Unsupervised domain adaptation has shown excellent effectiveness in the field of 3-D vision and has received widespread attention. However, most existing models focus exclusively on low-order geometric shape features of point clouds. In this article, an unsupervised domain adaptation framework for point clouds named HO-GSM is proposed to model high-order geometric structures of point clouds, which is able to further narrow the domain gap. Moreover, our method refines domain alignment to class level and improves the discriminability of target domain features by utilizing contrastive learning.
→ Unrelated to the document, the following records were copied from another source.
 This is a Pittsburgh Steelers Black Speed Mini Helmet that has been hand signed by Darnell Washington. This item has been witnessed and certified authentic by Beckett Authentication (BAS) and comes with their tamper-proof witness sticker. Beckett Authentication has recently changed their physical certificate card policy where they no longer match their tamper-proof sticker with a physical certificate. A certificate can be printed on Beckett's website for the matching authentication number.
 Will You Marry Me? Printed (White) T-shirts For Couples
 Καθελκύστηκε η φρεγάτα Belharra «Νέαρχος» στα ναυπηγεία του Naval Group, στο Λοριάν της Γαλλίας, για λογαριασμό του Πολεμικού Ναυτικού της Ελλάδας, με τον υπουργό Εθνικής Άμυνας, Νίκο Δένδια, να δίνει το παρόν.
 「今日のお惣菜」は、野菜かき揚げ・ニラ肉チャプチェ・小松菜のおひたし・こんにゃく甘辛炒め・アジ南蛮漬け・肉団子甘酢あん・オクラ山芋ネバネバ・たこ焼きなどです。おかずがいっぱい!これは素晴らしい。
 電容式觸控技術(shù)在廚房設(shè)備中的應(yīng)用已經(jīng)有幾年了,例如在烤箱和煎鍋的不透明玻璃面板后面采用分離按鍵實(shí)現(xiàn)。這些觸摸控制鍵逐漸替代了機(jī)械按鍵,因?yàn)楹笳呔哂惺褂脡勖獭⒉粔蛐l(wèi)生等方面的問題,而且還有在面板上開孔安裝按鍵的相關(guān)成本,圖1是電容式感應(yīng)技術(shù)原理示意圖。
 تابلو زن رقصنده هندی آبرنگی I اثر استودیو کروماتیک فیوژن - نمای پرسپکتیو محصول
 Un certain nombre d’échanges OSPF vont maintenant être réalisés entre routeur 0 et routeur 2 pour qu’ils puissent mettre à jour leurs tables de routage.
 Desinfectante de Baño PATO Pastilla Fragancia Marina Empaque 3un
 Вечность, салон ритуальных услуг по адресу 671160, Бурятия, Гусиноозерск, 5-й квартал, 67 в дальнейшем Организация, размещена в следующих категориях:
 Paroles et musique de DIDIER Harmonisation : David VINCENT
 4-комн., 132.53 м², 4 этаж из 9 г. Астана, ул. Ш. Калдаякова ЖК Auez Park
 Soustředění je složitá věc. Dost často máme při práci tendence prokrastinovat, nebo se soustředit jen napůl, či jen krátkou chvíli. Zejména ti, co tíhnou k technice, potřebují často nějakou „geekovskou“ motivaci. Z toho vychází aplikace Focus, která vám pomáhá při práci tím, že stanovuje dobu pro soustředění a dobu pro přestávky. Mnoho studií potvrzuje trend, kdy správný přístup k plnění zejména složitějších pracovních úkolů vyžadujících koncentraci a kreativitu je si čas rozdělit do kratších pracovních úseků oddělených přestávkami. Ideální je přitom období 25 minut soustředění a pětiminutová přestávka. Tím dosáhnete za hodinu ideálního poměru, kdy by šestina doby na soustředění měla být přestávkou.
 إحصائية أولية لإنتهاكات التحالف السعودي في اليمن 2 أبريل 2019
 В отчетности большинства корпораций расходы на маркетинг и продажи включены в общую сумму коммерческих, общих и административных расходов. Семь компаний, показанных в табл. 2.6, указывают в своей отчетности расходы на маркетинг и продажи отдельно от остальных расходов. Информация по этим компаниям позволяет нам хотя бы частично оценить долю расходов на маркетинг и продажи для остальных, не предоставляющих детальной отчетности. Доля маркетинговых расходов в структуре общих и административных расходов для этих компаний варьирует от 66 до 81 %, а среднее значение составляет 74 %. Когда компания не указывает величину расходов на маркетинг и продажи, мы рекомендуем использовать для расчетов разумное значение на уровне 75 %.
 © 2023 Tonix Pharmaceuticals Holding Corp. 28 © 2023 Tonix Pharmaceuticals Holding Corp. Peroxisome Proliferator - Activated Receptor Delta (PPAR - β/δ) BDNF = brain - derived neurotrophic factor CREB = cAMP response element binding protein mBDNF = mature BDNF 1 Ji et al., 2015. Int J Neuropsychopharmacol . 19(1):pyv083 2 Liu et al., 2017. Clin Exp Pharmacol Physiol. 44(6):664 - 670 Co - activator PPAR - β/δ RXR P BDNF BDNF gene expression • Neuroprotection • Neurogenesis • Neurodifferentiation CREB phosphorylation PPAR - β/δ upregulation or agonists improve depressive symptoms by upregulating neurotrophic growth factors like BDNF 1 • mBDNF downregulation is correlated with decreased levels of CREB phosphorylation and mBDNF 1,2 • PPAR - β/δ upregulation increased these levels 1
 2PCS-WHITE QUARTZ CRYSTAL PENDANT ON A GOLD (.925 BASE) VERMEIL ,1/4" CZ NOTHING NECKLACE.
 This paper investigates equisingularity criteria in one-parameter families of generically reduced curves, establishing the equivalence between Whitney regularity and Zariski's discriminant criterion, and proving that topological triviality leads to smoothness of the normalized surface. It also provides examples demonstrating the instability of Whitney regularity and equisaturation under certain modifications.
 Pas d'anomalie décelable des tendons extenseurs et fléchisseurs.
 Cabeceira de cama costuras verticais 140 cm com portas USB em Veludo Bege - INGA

Point clouds can capture the precise geometric information of objects and scenes, which are an important source of 3-D data and one of the most popular 3-D geometric data structures for cognitions in many real-world applications like automatic driving and remote sensing. However, due to the influence of sensors and varieties of objects, the point clouds obtained by different devices may suffer obvious geometric changes, resulting in domain gaps that are prone to the neural networks trained in one domain failing to preserve the performance in other domains. To alleviate the above problem, this article proposes an unsupervised domain adaptation framework, named HO-GSM, as the first attempt to model high-order geometric structures of point clouds. First, we construct multiple self-supervised tasks to learn the invariant semantic and geometric features of the source and target domains, especially to capture the feature invariance of high-order geometric structures of point clouds. Second, the discriminative feature space of target domain is acquired by using contrastive learning to refine domain alignment to specific class level. Experiments on the PointDA-10 and GraspNetPC-10 collection of datasets show that the proposed HO-GSM can significantly outperform the state-of-the-art counterparts.